First I made a litle setup that uses PDFBox to directly read a PDF from filesystem (pdfbox-2.0.3.jar, retrieved via Maven).
InputStream is = new FileInputStream("C:\\Users\\dude\\JaarverslagPensioenfonds.pdf"); BufferedInputStream bis = new BufferedInputStream(is); PDDocument pdDocument = PDDocument.load(bis); PDFTextStripper textStripper = new PDFTextStripper(); String text = textStripper.getText(pdDocument);
That works nice. (I could have used a more simple load(), but for this example above is better).
So now I want to use the PDF library that shows up in userlib (pdfbox-app-2.0.3.jar). I guess this is a Mendix specific tweak of pdf-box-2.0.3.jar?
I use above code, slightly tweaked, in a JavaAction:
InputStream inputStream = Core.getFileDocumentContent(getContext(), __document); PDDocument pdDocument = PDDocument.load(inputStream); PDFTextStripper textStripper = new PDFTextStripper(); String text = textStripper.getText(pdDocument);
(__document is an extention of System.FileDocument, as a IMendixObject object).
Then get this error:
java.lang.ExceptionInInitializerError: null at amicosensoring.actions.DocumentToTextAction.executeAction(DocumentToTextAction.java:41) at amicosensoring.actions.DocumentToTextAction.executeAction(DocumentToTextAction.java:1)
Line 41 is the line where the PDFTextStripper is instantiated.

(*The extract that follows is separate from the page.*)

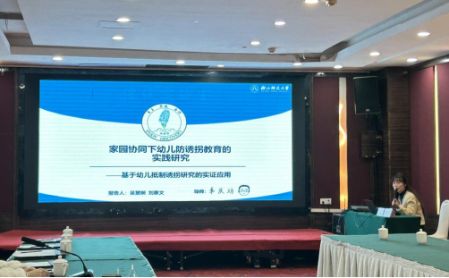 在第三分论坛“研究生论坛”中,吴慧娴老师作了《家园协同下幼儿防诱拐教育的实践研究——基于幼儿抵制诱拐研究的实证应用》的专题报告。吴慧娴基于实证研究,介绍了家园协同在幼儿防诱拐教育中的重要性和实施策略。
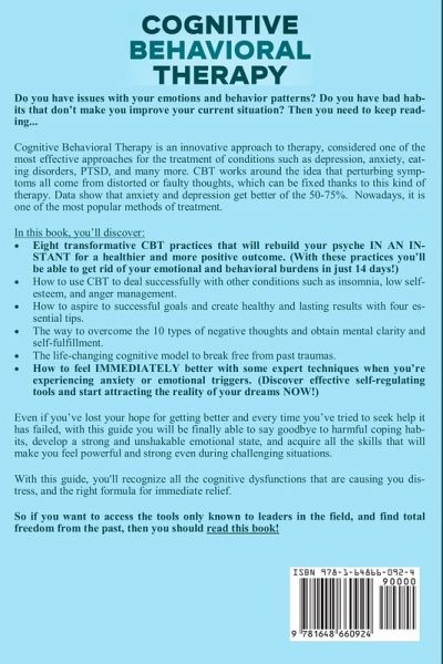 Do you have issues with your emotions and behavior patterns? Do you have bad habits that don't make you improve your current situation? Then you need to keep reading... Cognitive Behavioral Therapy is an innovative approach to therapy, considered one of the most effective approaches for the treatment of conditions such as depression, anxiety, eating disorders, PTSD, and many more. CBT works around the idea that perturbing symptoms all come from distorted or faulty thoughts, which can be fixed thanks to this kind of therapy. Data show that anxiety and depression get better of the 50-75%. Nowadays, it is one of the most popular methods of treatment In this book, you'll discover: Even if you've lost your hope for getting better and every time you've tried to seek help it has failed, with this guide you will be finally able to say goodbye to harmful coping habits, develop a strong and unshakable emotional state, and acquire all the skills that will make you feel powerful and strong even during challenging situations. With this guide, you'll recognize all the cognitive dysfunctions that are causing you distress, and the right formula for immediate relief. So if you want to access the tools only known to leaders in the field, and find total freedom from the past, then you should read this book!

In the line before the PDDocument is loaded correctly (the debugger in Eclipse confirms that).
The source of the Mendix version of pdfbox is not available, but it appears that this stripper extends org.apache.pdfbox.text.LegacyPDFStreamEngine. Mind the 'Legacy' part; the 'regular' pdf-box-2.0.3.jar doesn't have that.
My question(s) is(are): what is the correct way of initialising this PDFTextStripper whitin Mendix java actions; what is this 'Legacy' about; is there a workaround?
Thanks,
Nol